▶ WHAT IS EXPECTED
When you retype the records that follow, keep each word as it is and drop any pictures.

▶ SUPPLIED DATA
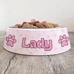 Our Personalised Dog Bowls are the ultimate dinner accessory for your pet.  PAWfect for Dogs, Cats, Llamas, Penguins, Giraffes or any pet that you just happen to have, our melamine pet bowls make the perfect addition to any home. A stainless steel bowl insert for our Personalised Dog Bowls for water is also available (Large Bowl Only) as an extra add on.
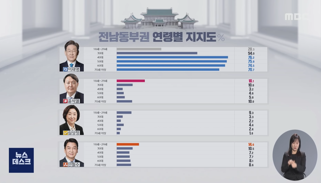 18~29세. 이재명 28.3, 윤석열 18.1, 심상정 9.3, 안철수 14.6.
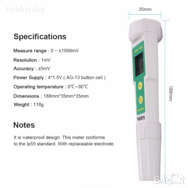 Измерва окислително-редукционния потенциал на вода и водни разтвори (ORP) в диапазон -1999 до + 1999 mV на стъпка от 1 mV. Има широка гама от приложения - от домакински до лабораторни и промишлени изследвания (тест за питейна вода, аквариуми, изкуствени резервоари, отпадни води), плувни басейни, системи за пречистване на вода, акведукти, СПА и др.
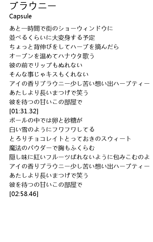| [00:58.43] | アイの香りブラウニー少し苦い想い出ハーブティー |
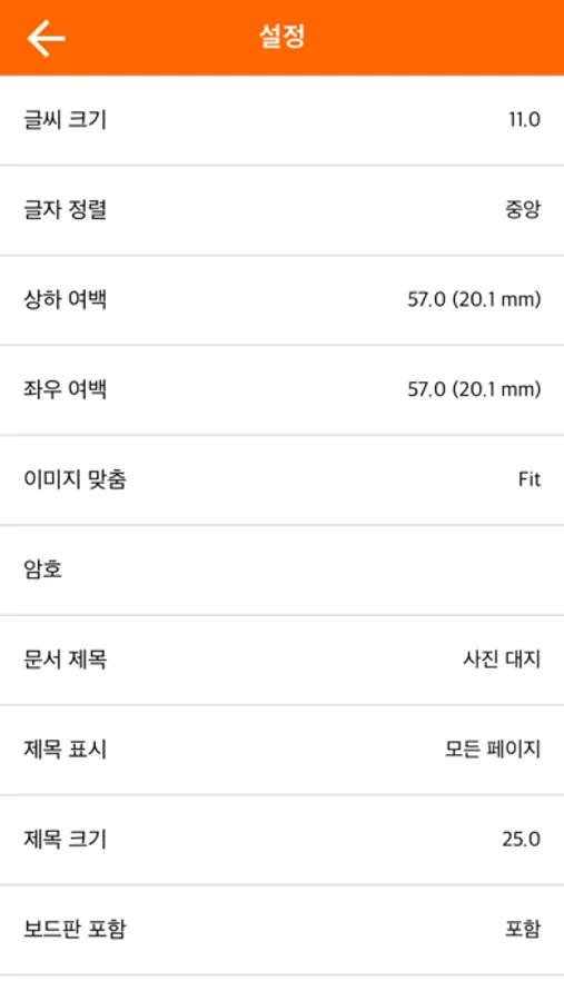 - 글씨 크기, 정렬, 문서 좌우/상하 여백, 이미지 맞춤(Full/Fit) 옵션 제공
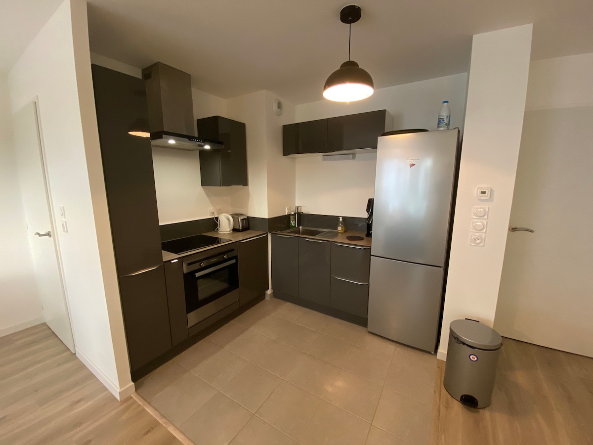 Elegant og lys leilighet i Lanester – parkering, balkong og Netflix 📍 Ideell beliggenhet: fem minutter fra Lorient og ti minutter fra strendene 👥 Kapasitet: perfekt for to (par, forretningsreise, fjernarbeid). 🚗 Komfort: privat parkeringsplass 🌞 Utvendig: solrik balkong for å nyte de vakre dagene. 🍳 Kjøkken: fullt utstyrt for hjemmelagde måltider. 🌐 Tilkobling: ultraraskt fibernettverk. 🛏️ Tjenester som er inkludert: sengetøy og laken. 🔑 Praktisk: innsjekking uten vert og responsiv concierge
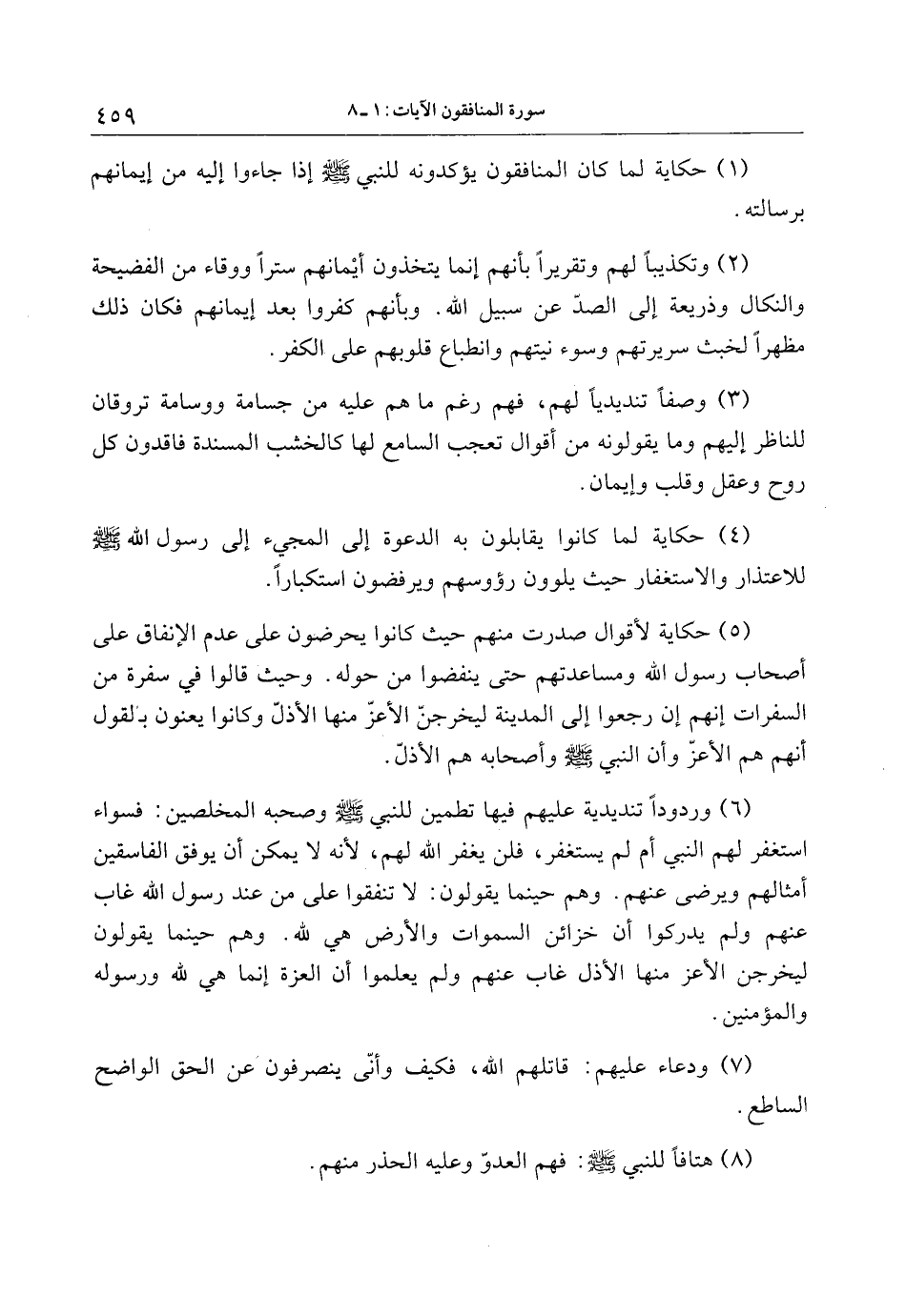 (6) وردودا تنديدية عليهم فيها تطمين للنبي صلى الله عليه وسلم وصحبه المخلصين: فسواء استغفر لهم النبي أم لم يستغفر، فلن يغفر الله لهم، لأنه لا يمكن أن يوفق الفاسقين أمثالهم ويرضى عنهم. وهم حينما يقولون: لا تنفقوا على من عند رسول الله غاب عنهم ولم يدركوا أن خزائن السموات والأرض هي لله. وهم حينما يقولون ليخرجن الأعز منها الأذل غاب عنهم ولم يعلموا أن العزة إنما هي لله ورسوله والمؤمنين.

▶ OUTPUT BELOW
 Our Personalised Dog Bowls are the ultimate dinner accessory for your pet.  PAWfect for Dogs, Cats, Llamas, Penguins, Giraffes or any pet that you just happen to have, our melamine pet bowls make the perfect addition to any home. A stainless steel bowl insert for our Personalised Dog Bowls for water is also available (Large Bowl Only) as an extra add on.
 18~29세. 이재명 28.3, 윤석열 18.1, 심상정 9.3, 안철수 14.6.
 Измерва окислително-редукционния потенциал на вода и водни разтвори (ORP) в диапазон -1999 до + 1999 mV на стъпка от 1 mV. Има широка гама от приложения - от домакински до лабораторни и промишлени изследвания (тест за питейна вода, аквариуми, изкуствени резервоари, отпадни води), плувни басейни, системи за пречистване на вода, акведукти, СПА и др.
| [00:58.43] | アイの香りブラウニー少し苦い想い出ハーブティー |
 - 글씨 크기, 정렬, 문서 좌우/상하 여백, 이미지 맞춤(Full/Fit) 옵션 제공
 Elegant og lys leilighet i Lanester – parkering, balkong og Netflix 📍 Ideell beliggenhet: fem minutter fra Lorient og ti minutter fra strendene 👥 Kapasitet: perfekt for to (par, forretningsreise, fjernarbeid). 🚗 Komfort: privat parkeringsplass 🌞 Utvendig: solrik balkong for å nyte de vakre dagene. 🍳 Kjøkken: fullt utstyrt for hjemmelagde måltider. 🌐 Tilkobling: ultraraskt fibernettverk. 🛏️ Tjenester som er inkludert: sengetøy og laken. 🔑 Praktisk: innsjekking uten vert og responsiv concierge
 (6) وردودا تنديدية عليهم فيها تطمين للنبي صلى الله عليه وسلم وصحبه المخلصين: فسواء استغفر لهم النبي أم لم يستغفر، فلن يغفر الله لهم، لأنه لا يمكن أن يوفق الفاسقين أمثالهم ويرضى عنهم. وهم حينما يقولون: لا تنفقوا على من عند رسول الله غاب عنهم ولم يدركوا أن خزائن السموات والأرض هي لله. وهم حينما يقولون ليخرجن الأعز منها الأذل غاب عنهم ولم يعلموا أن العزة إنما هي لله ورسوله والمؤمنين.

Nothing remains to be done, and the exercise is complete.